The point is not to eliminate choice. It is to make choice contextual and durable instead of a ritualized click performed under banner fatigue.
Maler was more cautious about technology as a cure-all and puts more faith in standards. She pointed to “My Terms” and IEEE 7012, a machine-readable privacy-terms standard designed to let individuals set conditions before a third party attempts to access their data.
The IEEE standard is far from becoming the Wi-Fi of privacy. Standards can take years to become products. But, Maler said, it is a real attempt to flip the default: users set terms first, instead of reacting to terms drafted by someone else.
Industry doesn’t like change
The market may not welcome that flip.
Google’s long-running Privacy Sandbox effort showed how hard it is to move the web away from third-party cookies. Google spent years trying to replace them in Chrome with alternative advertising APIs, then delayed and retreated amid pressure from regulators and industry players worried about competition and market power. Adweek reported in October 2025 that Google officially retired much of Privacy Sandbox. The Center for Democracy and Technology argued the decision left Chrome users exposed to continued tracking and profiling.
The publisher argument also makes a strong argument for the status quo. The ad industry argues tracking funds quality content and keeps it free.
Schrems said the economics are messier: tracking does not simply fund publishers. It also lets advertisers find a premium publication’s readers elsewhere for less, shifting value away from the publisher and toward the platforms that control the targeting.
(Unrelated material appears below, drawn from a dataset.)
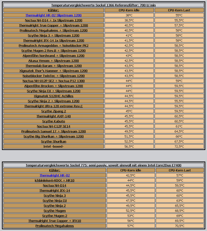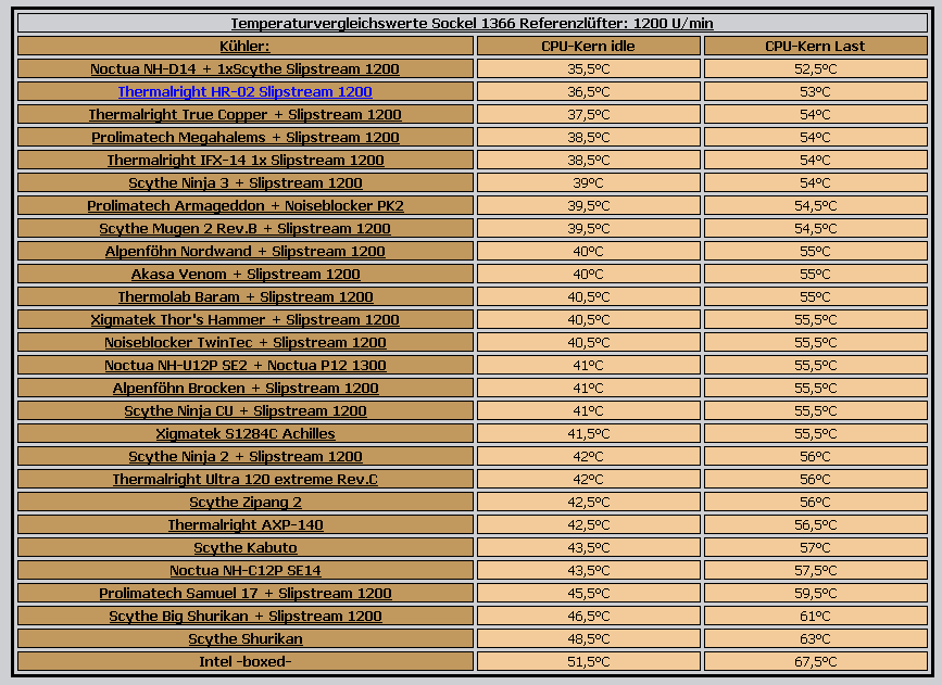 Um die wirkliche Kühlleistung der jeweiligen Kühler herauszukristallieren, haben wir für den Load-Test den Referenz-Lüfter auf 1200 U/min und für den Low Noise Test die Referenzlüfter auf 700 U/min einreguliert, denn bei gleichen Drehzahlen und Volumen entscheidet der Kühler über den Ausgang des Vergleichs. Verglichen haben wir den HR-02 Kühler mit allen bisher getesteten Sockel 1366 Kühlern:

“Privacy is not going to solve quality journalism,” Schrems said.
And then there is the security hangover.
Every third-party script running on a corporate website is code executing in a customer’s browser under the company’s brand. Session cookies can also become targets for attackers trying to bypass passwords or multifactor authentication. Cookie theft and session hijacking remain recurring security concerns, as CloudSEK has documented.
For companies, the compliance issue is already practical. Businesses subject to state privacy laws that recognize GPC need to detect and honor browser-level opt-out signals and ensure downstream ad-tech and analytics partners respect them. This is not limited to companies physically located in California, Colorado or Connecticut. If a business serves covered consumers and meets statutory thresholds, the signal matters.
California’s $2.75 million settlement with Disney in February 2026 showed how regulators are beginning to treat opt-out design as an enforcement issue, not a UX footnote. The complaint described an opt-out process fragmented across devices and services (Disney+, Hulu and ESPN+), even as Disney allegedly associated those same devices with users for advertising purposes.
Disney agreed to a stipulated judgment resolving California’s allegations without admitting liability.
The larger question is whether the cookie banner’s replacement becomes real user control or just better-dressed theater.
Browsers matter because they sit between users and websites. But the browser is no longer the whole story. Mobile apps, SaaS platforms, device identifiers, identity graphs and OAuth-style app connections do not all depend on browser cookies. They raise the same governance question: who manages permission when data moves across systems?
That is why the EIC panel’s cookie question was really a narrower version of a bigger one. Can the internet move consent away from manipulative interfaces and into systems that reflect what users want?
Kuppinger’s phrase for that future was simple: “privacy without pain.”
The hard part is not imagining it. The hard part is getting an industry built on pain to give it up.